Now I can do that in about 15 minutes and think about building or shipping some tool which I never had time to do.
I got into software engineering because I was always fascinated by getting computers to do stuff, and I really enjoyed the manual task of programming. It's been a dream to earn a living doing something I would do in my spare time. I was pretty good at it too.
I'm not having fun any more, so I've decided to leave the field and become a teacher. I won't earn nearly as much money but I expect to feel more fulfilled, and I hope I can help make a difference to some young people.

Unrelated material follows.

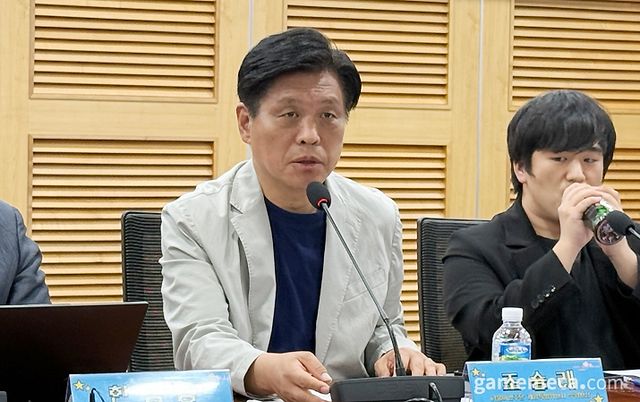 ▲ 지난 5월에 열린 더불어민주당 게임특별위원회 정책 제안 기자간담회에 참석한 조승래 의원 (사진: 게임메카 촬영)
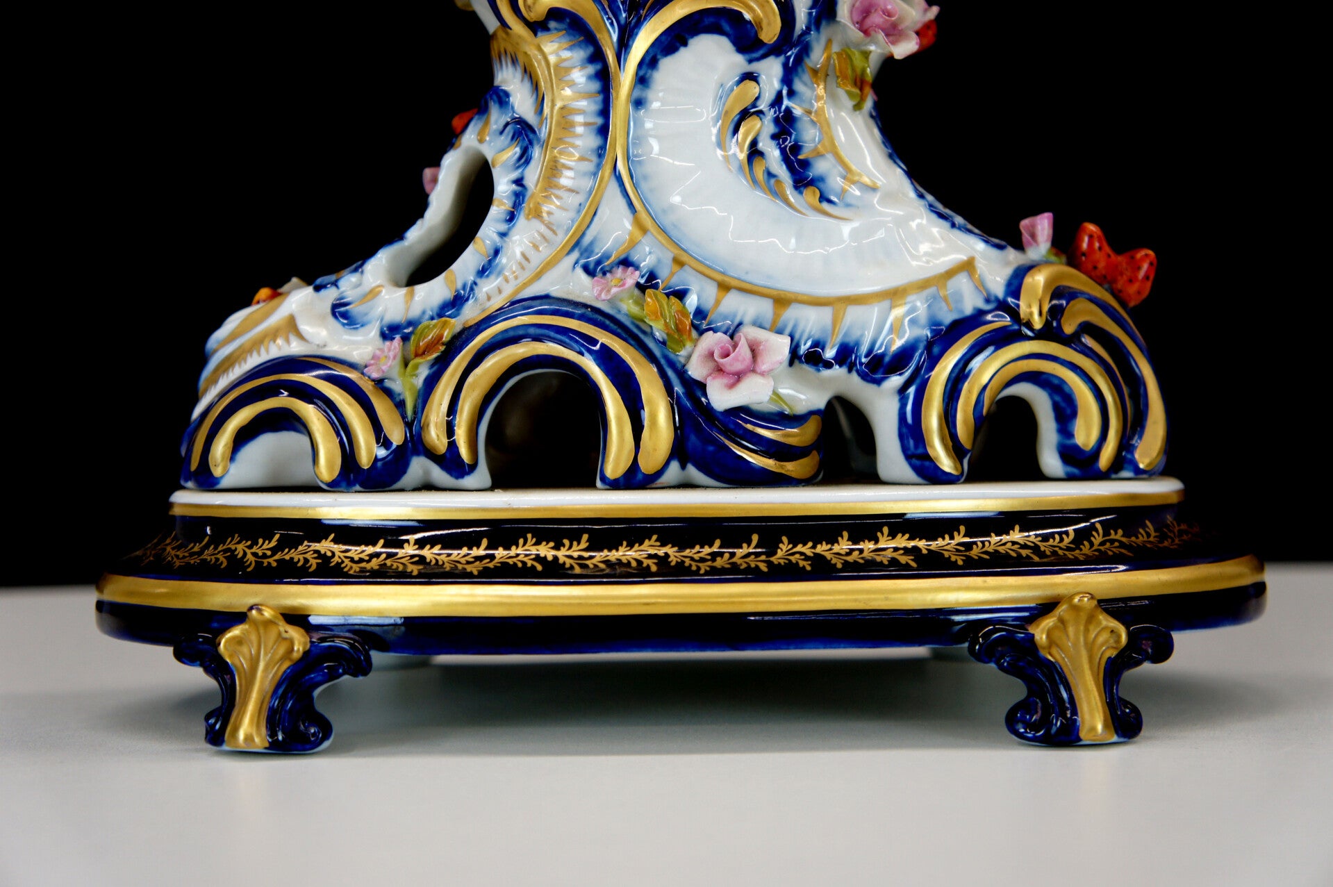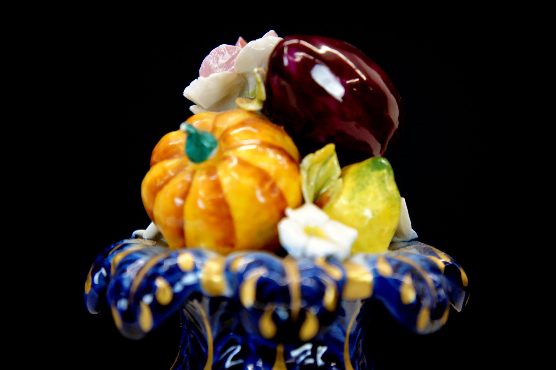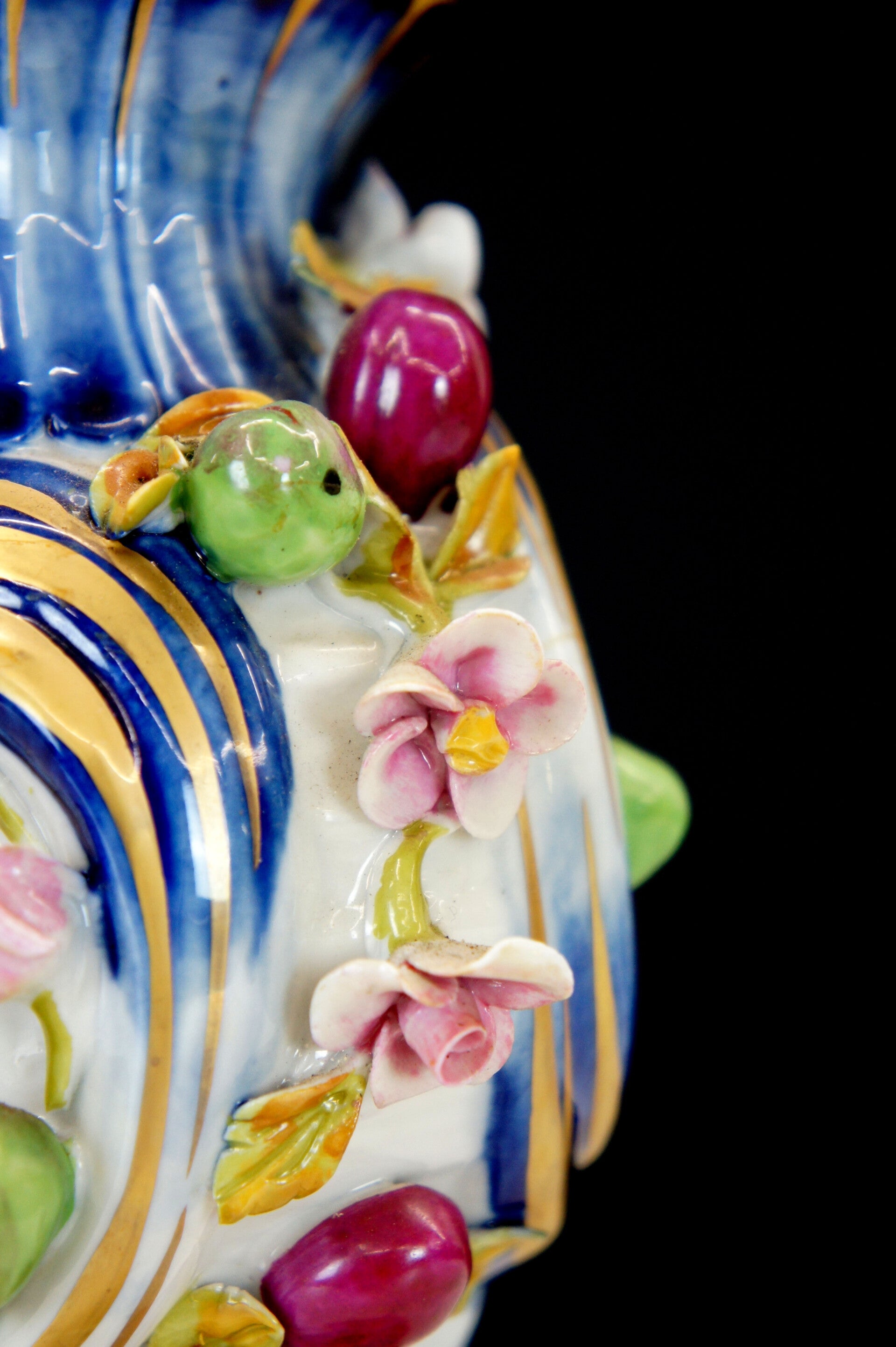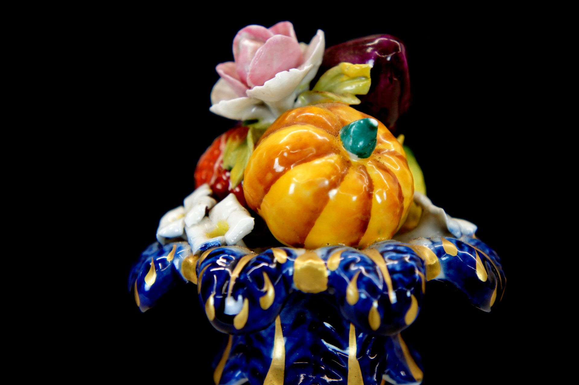 Exceptionally finely crafted and elegant clock by Giulia Mangani in Rococo style, filled with fruit and colorful flowers.

I've had an extraordinarily privileged career, and many people never get the luxury of enjoying their work at all. But I'd rather try to enjoy what I do day to day than persist in something that's lost its spark.
You can also use it for regurgitating manuals, but generative AI for coding is counterproductive. Only the tool and gaming addicted people like it and pretend to be more productive, for which there is no public evidence. I don't see any software improving at any faster rate.
It seems like they're overgeneralizing quite a bit here and focusing on a narrow subset of the population while ignoring the people who are actually thriving with their new AI-enabled dev workflows.
LLMs are not a panacea by any means and they have lots of cons. But I for one would find it difficult to go back to a world where I can't lean on LLMs in my day-to-day.
One very specific example that could not possibly contribute to the brainrot mentioned in this article: AI saves time and reduces the headache of having to pore through pages of documentation (if there even is any) to find how that one method works or what arguments it can take. This alone is immensely helpful and can keep you in a state of flow instead of sending you off on a potentially fruitless side quest that derails your whole train of thought.
It's also taken me quite a bit of time, effort, and experimentation to find the right tools and the right ways to work AI into my workflows which I would bet that the developers mentioned in this article have not explored too deeply if at all.
Claiming AI is rotting your brain because you can't one-shot an entire app or even a single feature is a straw man fallacy.
Experienced mental pains I never felt with any other activity except watching tiktok reels for hours.
Got into points of no returns on numerous side projects, ai slop neither ai or myself could touch.
I've developed a better mental loop. I simply review every lines of code it spits out, and refine the loop to get less code produced. But always demand the full file again.
I commit each change. And inspect the diff for review.
I don't feel drain or pain.
LLMs still aren't standalone developers, but they can be tamed to execute well on well defined scope. If we review what they do, every time.
I have also worked in customer support for some time and I have found that huge problem for some people (often times developers) is that they are lacking theory of mind. Like they literally can't comprehend that I don't see into their heads and they need to articulate their question with correct context otherwise I can't help them.
AI is like a litmus test for it. People who have theory of mind, are capable of putting together a question which will give them good results out of AI. On the other hand people who are struggling with the fact that AI can't see what you mean unless it is in a context window will have bad time with it. These people also usually suck in managing other people because - once again - they are unable to provide tasks with enough context and properly set boundaries. At best they will give you some vague poorly defined tasks and get mad when you will do it differently than they had in their mind.